PRINTEMPS 2011 à l'ESPACE EUROPEEN POUR LA SCULPTURE (EES asbl)

SAYNETTES CAMPAGNARDES

Il était une fois… Non . Il est toujours un homme des arbres et des prairies, à la rencontre de l’humain et de l’animal. Des fois, les nuages le mettent en rêve. Il regarde les paysages de haut, pas de très haut afin de voir les détails jusqu’aux mouvements de respiration de tout ce qui est vivant : humain, animal et végétal . Qu’est-ce que l’homme - plus souvent la femme - , la bête - en général la vache - et le paysage - bois, prairies, vergers - peuvent bien se raconter. Roland lève le voile dans ses ateliers installés dans un château dont quelques murs sont en pierre mosane. Son langage est surtout en plâtre, un alphabet qui se travaille facilement et qui est mobile, plus que le bois et le bronze auquel quelques chapitres sont également consacrés. A vrai dire, ce ne sont pas des chapitres mais des sculptures, grandes ou petites, qui sont des saynettes .
Il arrive que Roland s’occupe de ses pommes, des milliers, des millions . C’est le fruit qui a causé le péché d’Adam dans le paradis terrestre . C’est Pâris qui donna la pomme à Vénus afin qu’elle l’emporte en beauté sur les autres femmes. Ces femmes sont dans les sculptures de Roland. Où est ce Roland qui se cache derrière elles, en vétérinaire qui soigne les animaux? Peut-être est-ce un autoportrait .

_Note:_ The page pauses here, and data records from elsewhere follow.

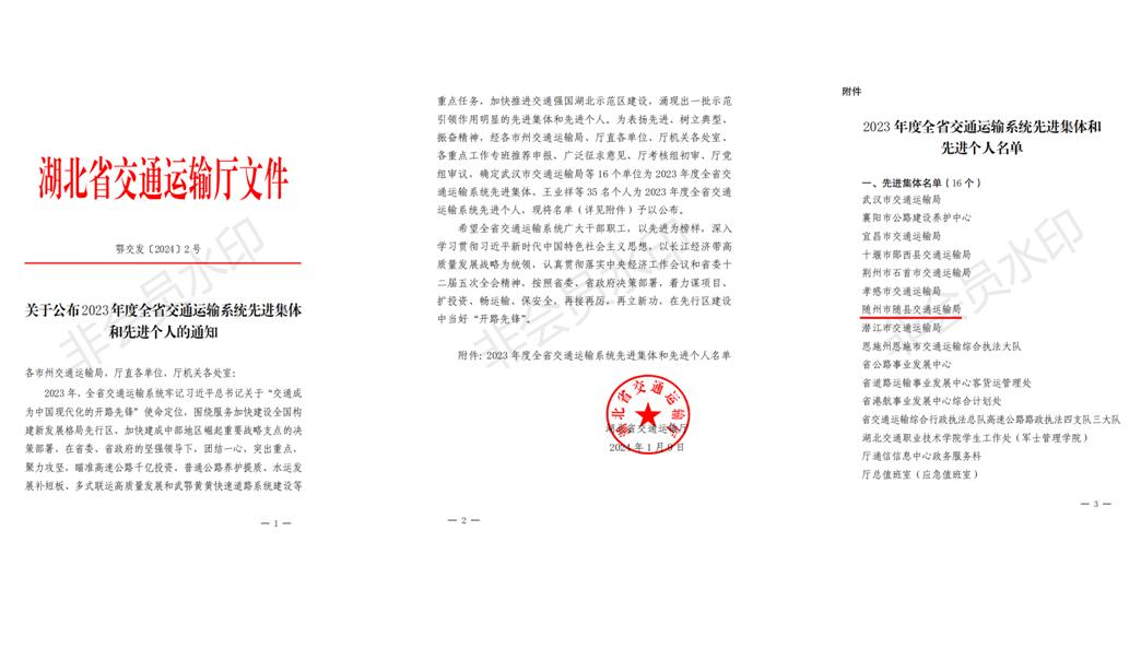 随州新闻网讯(通讯员:向艾、黄璐)近日,湖北省交通运输厅下发《关于公布2023年度全省交通运输系统先进集体和先进个人的通知》,随县交通运输局荣获“2023年度全省交通运输系统先进集体”荣誉称号。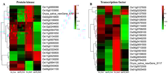 A heatmap of the DEGs associated with protein kinases (PKs, (A)) and transcription factors (TFs, (B)) in the vps16 line relative to DJ (WT) under control and salt conditions.
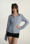 Crafted with a combination of 60% cotton and a mix of nylon, polyester, and spandex, this blouse offers both comfort and a perfect fit. The classic blue stripe pattern provides a timeless appeal while the multiple-button placket adds a modern twist. A convenient pocket and the lapel collar polish off the look, ensuring you're ready for any business casual or smart-casual setting.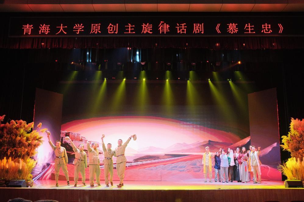 青海大学原创红色话剧《慕生忠》在科技馆大礼堂上演,全校600余名入党积极分子和师生党员代表观看了话剧。话剧生动形象地再现了慕生忠将军和他带领的筑路大军不畏艰难、不惧险阻、不怕牺牲,在“世界屋脊”修筑完成青藏公路的艰辛历程。通过话剧表演,引领广大师生党员追昔抚今,传承开路精神,不忘初心,勇往直前。

Même là , des malheurs arrivent, comme la vache morte foudroyée . On a envie de crier sur la sculpture funéraire comme l’aigle sur un rocher, comme “ Zieke - Mieke” ou “ Mal au Dos” ou “Faire la Vache” Toutes les sculptures en plâtre ont un “Mars” dans le ventre. C’est une récompense pour le môme qui a bien travaillé. Qui sait, mais il y a de quoi en douter, car l’intention de l’artiste est ailleurs. “Mars” continue à faire le tour du monde. Quelle promotion! Il en faudrait de même pour l’art . En plus, les créateurs de “Mars” sont devenus très riches grâce à leur “oeuvre " La relation entre l’homme et l’animal est émouvante. Les sculptures de Roland ont aussi la vocation de créer un dialogue entre le monde paysan et la trépidance urbaine. Son intention est simplement utopique avec des connotations naïves dans des méandres académiques . L’enfant et l’intellectuel se rencontrent en particulier dans des images peintes sur les sculptures. Un délice à partager dans l’intimité de l’amour et de l’art.